Depending on the type of engine, there are several variants for reading the camshaft position. Metal pins or metal wheels with variable numbers and lengths of teeth can be used.
By using the signals of the two sensors (crankshaft position and camshaft position), the injection computer can determine which piston is on the intake stroke and which is on the exhaust stroke (in the case of a 4-cylinder in-line engine.
The crankshaft position sensor detects when the pistons are at BDC (eg 1 and 4). Then, with the position signal from the camshaft (positive or null), determine which of the two pistons is on the compression stroke.

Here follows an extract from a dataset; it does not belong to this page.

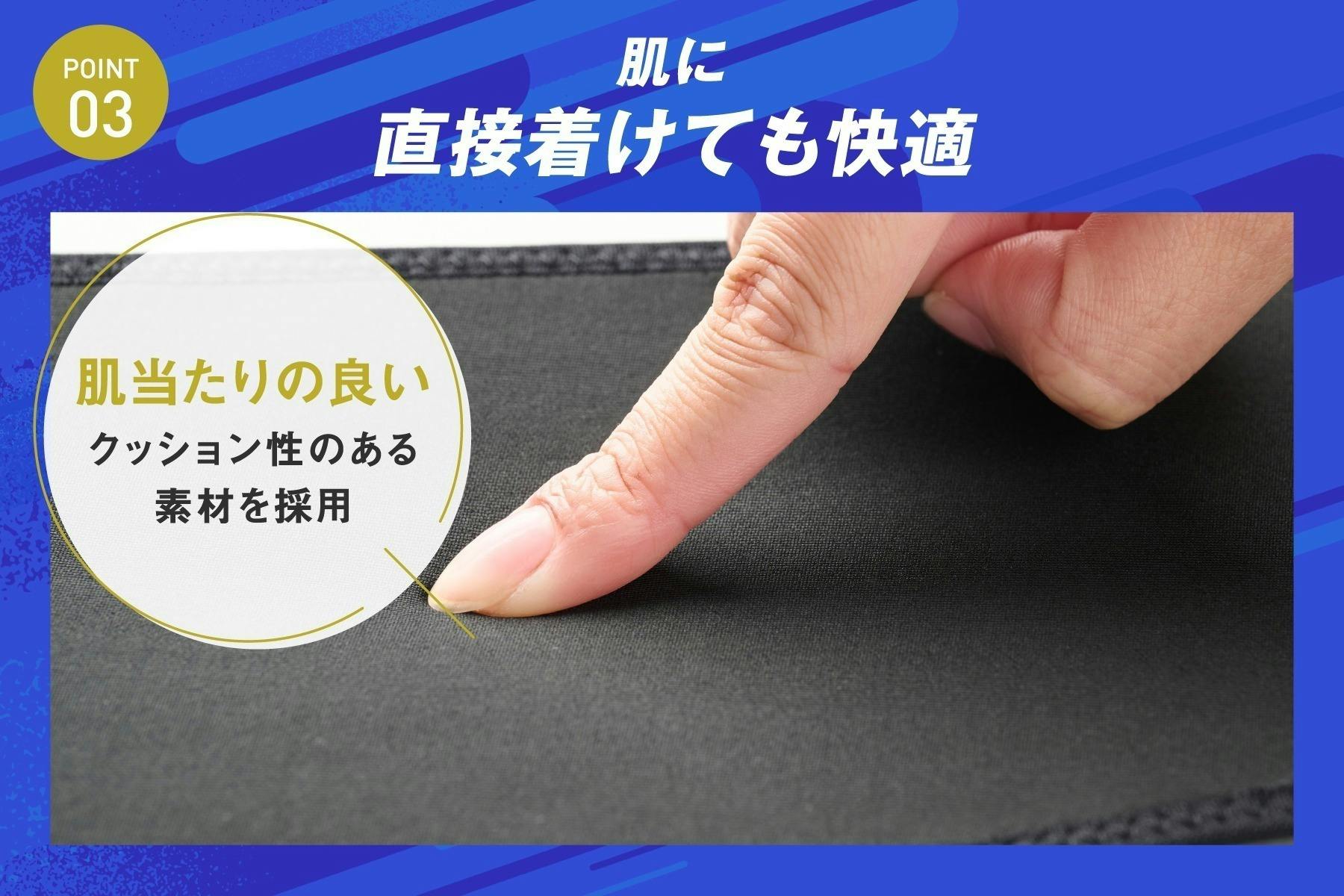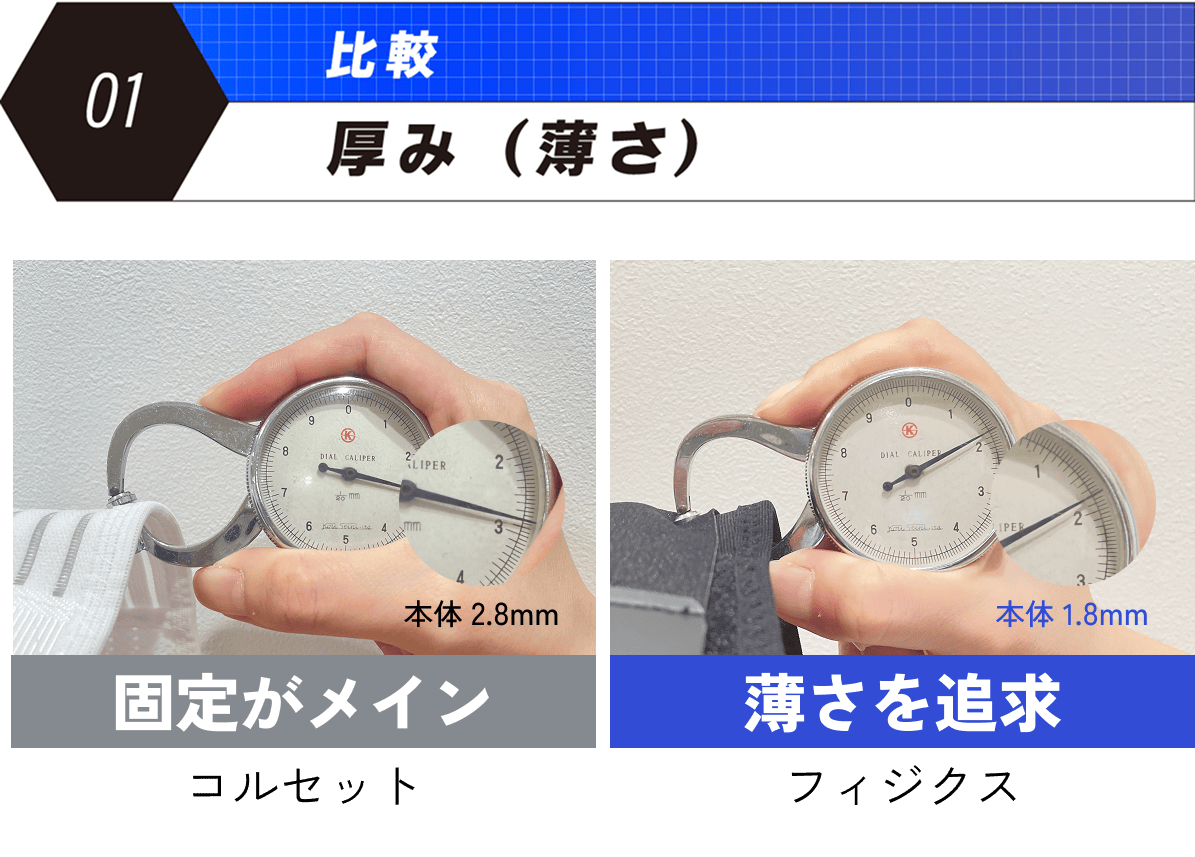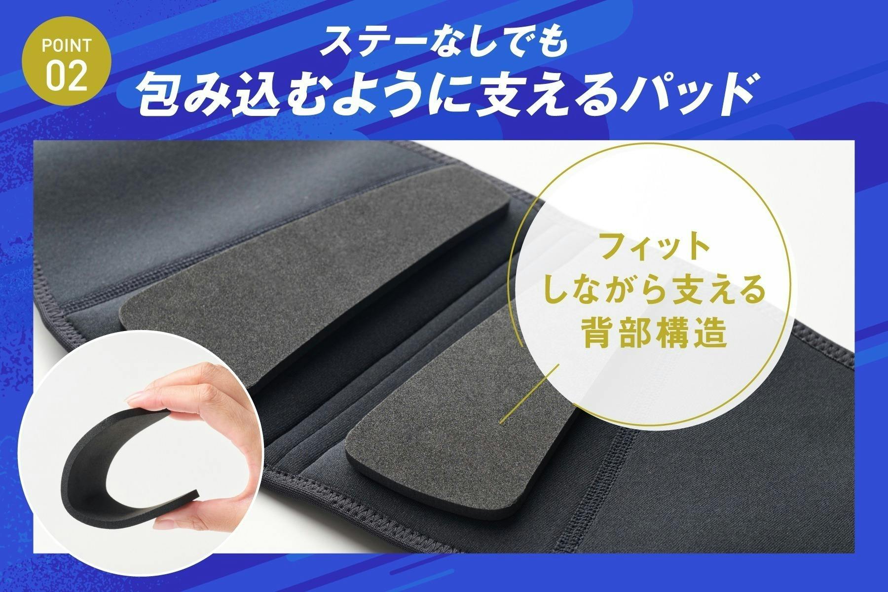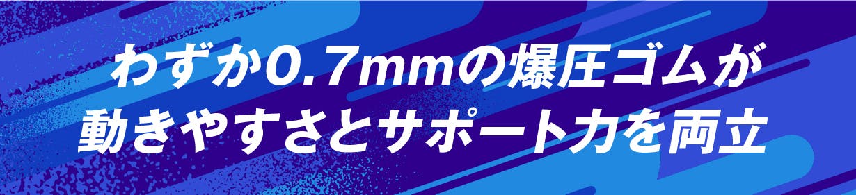 プレーに集中できるように、本体の薄さにはとことんこだわりました。補助ベルト(ゴム)は、薄いのにしっかり圧迫がかかる素材を採用。

In the case of using a metal wheel with multiple teeth, with variable length, the synchronization is faster, and in case of failure of the motor position sensor, the degraded operation of the motor is ensured by the camshaft position sensor
Where is the camshaft position sensor located?
Depending on the type of engine, the camshaft position sensor is usually mounted on the cylinder head cover. In variable-timing engines, the gearwheels are positioned on the camshaft position change system. You will find it 100% if you identify the position of the camshaft.
The camshaft position sensor that works on the Hall effect principle has 3 pins:
- power supply (+5 V)
- ground (0 V)
- position signal (+13.5 V)
The OBD 2 fault codes for the camshaft position sensor are P03xx.
Symptoms of a bad camshaft position sensor
- starting problems;
- check engine error icon appears on board;
- interruptions in connection with the on-board computer;
- In happy cases, the engine does not pass over 2000 RPM;
- engine misfires
Is it okay to drive if you have a bad camshaft sensor?
If the car has the above symptoms, do NOT drive the car anymore, you risk ruining more parts, even quite expensive parts such as the catalytic converter.
Camshaft sensor cleaning
In most cases, the camshaft sensor is only dirty when the car starts to show the above symptoms.
Below are some steps you can take to clean the camshaft sensor.
- Disconnects the minus wire from the car battery.
- After you do this you need to locate the sensor, as I told you above. It is not in the same place on all cars, so it would be best to use the manual of the car and you will find it much faster.
- The sensor has 3 cables, note on paper each one where it comes in the initial position to mount them after the correct place.
- Use a screwdriver and remove the sensor, put it on a clean cloth.
- Clean it now with a contact spray, then wipe it with another clean cloth.
- Put it back, connect the 3 cables in the initial position, reconnect the car battery and it’s done.